Russian noble family

The Chelishchev family is a family of Russian nobility, known from the end of the 15th century.

==Origin==
The surname may come from the Turkic (Kazan–Tatar) nickname Chalysh, which means "oblique". In the 16th and 17th centuries, many of the Chelishchev nobles clearly had Turkic nicknames (such as, for example, Alai, Bulysh, Enaklych, Kulush, Sarmak, etc.), which may indicate an eastern origin.
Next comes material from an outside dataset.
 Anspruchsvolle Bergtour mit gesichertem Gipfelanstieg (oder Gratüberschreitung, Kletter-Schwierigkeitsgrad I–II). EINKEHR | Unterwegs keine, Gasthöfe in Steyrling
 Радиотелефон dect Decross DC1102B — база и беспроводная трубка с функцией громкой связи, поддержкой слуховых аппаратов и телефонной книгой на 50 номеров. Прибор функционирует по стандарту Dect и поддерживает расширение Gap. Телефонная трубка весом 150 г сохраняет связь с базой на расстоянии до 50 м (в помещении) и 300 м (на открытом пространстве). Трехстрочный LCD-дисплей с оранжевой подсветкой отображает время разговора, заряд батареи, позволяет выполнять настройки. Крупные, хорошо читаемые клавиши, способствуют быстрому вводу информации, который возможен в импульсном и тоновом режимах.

The knowledge of the Turkic languages is also indicated by the fact that in the years 1533–1542 the Chelishchev brothers were constantly sent to the Crimean Khanate for negotiations.

In the eighteenth century, when compiling the Herbovnik, the families of the Chelishchevs, Pantsyrevs and Glazatovs invented a common origin from the Welfs through the fictional "William of Luneburg from the generation of King Otto IV" who allegedly went "to the Grand Duke Alexander Yaroslavich to the Battle of the Neva" and adopted Orthodoxy with the name of Leon. At the same time, Mikhail Brenko, a favorite of Dmitry Donskoy, who laid down his head during the Battle of Kulikovo, was included in the number of ancestors of the Chelishchevs.
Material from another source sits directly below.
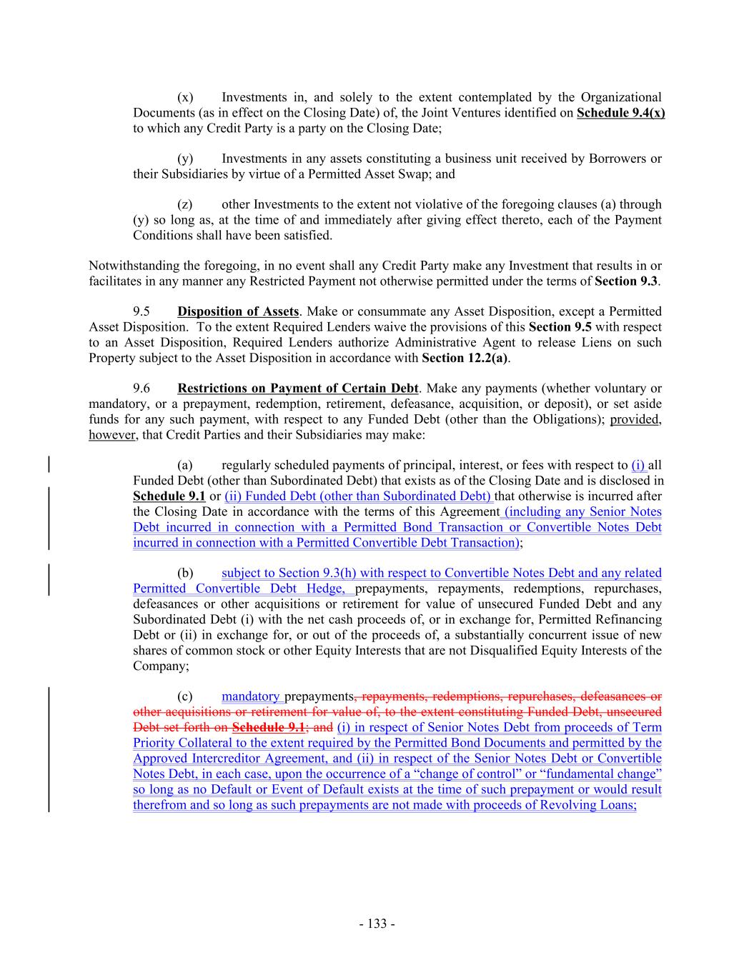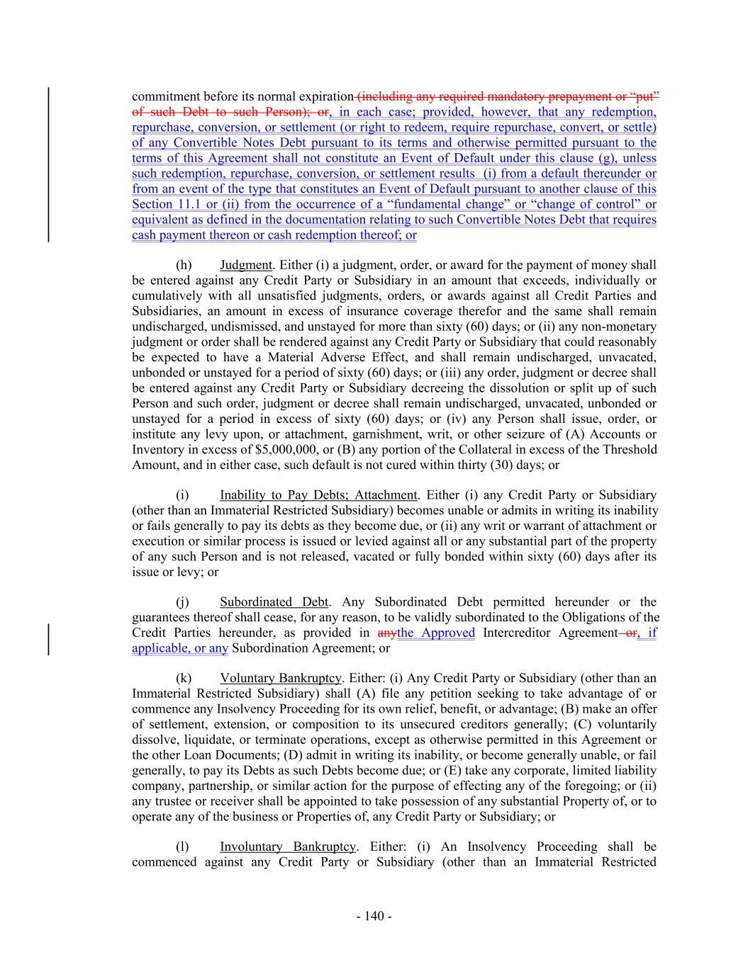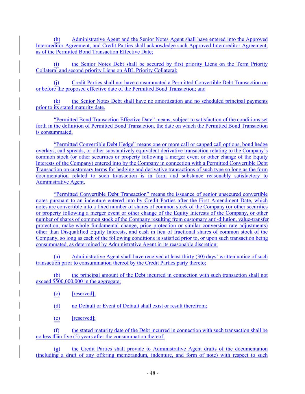(h) Administrative Agent and the Senior Notes Agent shall have entered into the Approved Intercreditor Agreement, and Credit Parties shall acknowledge such Approved Intercreditor Agreement, as of the Permitted Bond Transaction Effective Date; (i) the Senior Notes Debt shall be secured by first priority Liens on the Term Priority Collateral and second priority Liens on ABL Priority Collateral; (j) Credit Parties shall not have consummated a Permitted Convertible Debt Transaction on or before the proposed effective date of the Permitted Bond Transaction; and (k) the Senior Notes Debt shall have no amortization and no scheduled principal payments prior to its stated maturity date. “Permitted Bond Transaction Effective Date” means, subject to satisfaction of the conditions set forth in the definition of Permitted Bond Transaction, the date on which the Permitted Bond Transaction is consummated. “Permitted Convertible Debt Hedge” means one or more call or capped call options, bond hedge overlays, call spreads, or other substantively equivalent derivative transaction relating to the Company’s common stock (or other securities or property following a merger event or other change of the Equity Interests of the Company) entered into by the Company in connection with a Permitted Convertible Debt Transaction on customary terms for hedging and derivative transactions of such type so long as the form documentation related to such transaction is in form and substance reasonably satisfactory to Administrative Agent. “Permitted Convertible Debt Transaction” means the issuance of senior unsecured convertible notes pursuant to an indenture entered into by Credit Parties after the First Amendment Date, which notes are convertible into a fixed number of shares of common stock of the Company (or other securities or property following a merger event or other change of the Equity Interests of the Company, or other number of shares of common stock of the Company resulting from customary anti-dilution, value-transfer protection, make-whole fundamental change, price protection or similar conversion rate adjustments) other than Disqualified Equity Interests, and cash in lieu of fractional shares of common stock of the Company, so long as each of the following conditions is satisfied prior to, or upon such transaction being consummated, as determined by Administrative Agent in its reasonable discretion: (a) Administrative Agent shall have received at least thirty (30) days’ written notice of such transaction prior to consummation thereof by the Credit Parties party thereto; (b) the principal amount of the Debt incurred in connection with such transaction shall not exceed $500,000,000 in the aggregate; (c) [reserved]; (d) no Default or Event of Default shall exist or result therefrom; (e) [reserved]; (f) the stated maturity date of the Debt incurred in connection with such transaction shall be no less than five (5) years after the consummation thereof; (g) the Credit Parties shall provide to Administrative Agent drafts of the documentation (including a draft of any offering memorandum, indenture, and form of note) with respect to such - 48 -

==Coat of arms description==
In the Herbovnik of Anisim Titovich Knyazev of 1785 there is an image of two seals with the arms of representatives of the Chelishchev family:
1. Coat of arms of the court adviser Efim Petrovich Chelishchev: in the golden field of the shield from the upper edge are two yellow pipes, between them a blue flower on a green stem. Under the shield are two palm branches. The shield is covered with a princely mantle with a noble crown on it.
2. Coat of arms of the Privy Councilor (1798), Senator (1801), Alexei Bogdanovich Chelishchev: two yellow pipes are depicted in the golden field of the shield. The shield is crowned with a noble helmet with a kleinod on the neck, three ostrich feathers come out of the helmet. On the middle feather, between the two extremes, at a distance from the helmet is a noble crown. The color scheme of basting is not defined.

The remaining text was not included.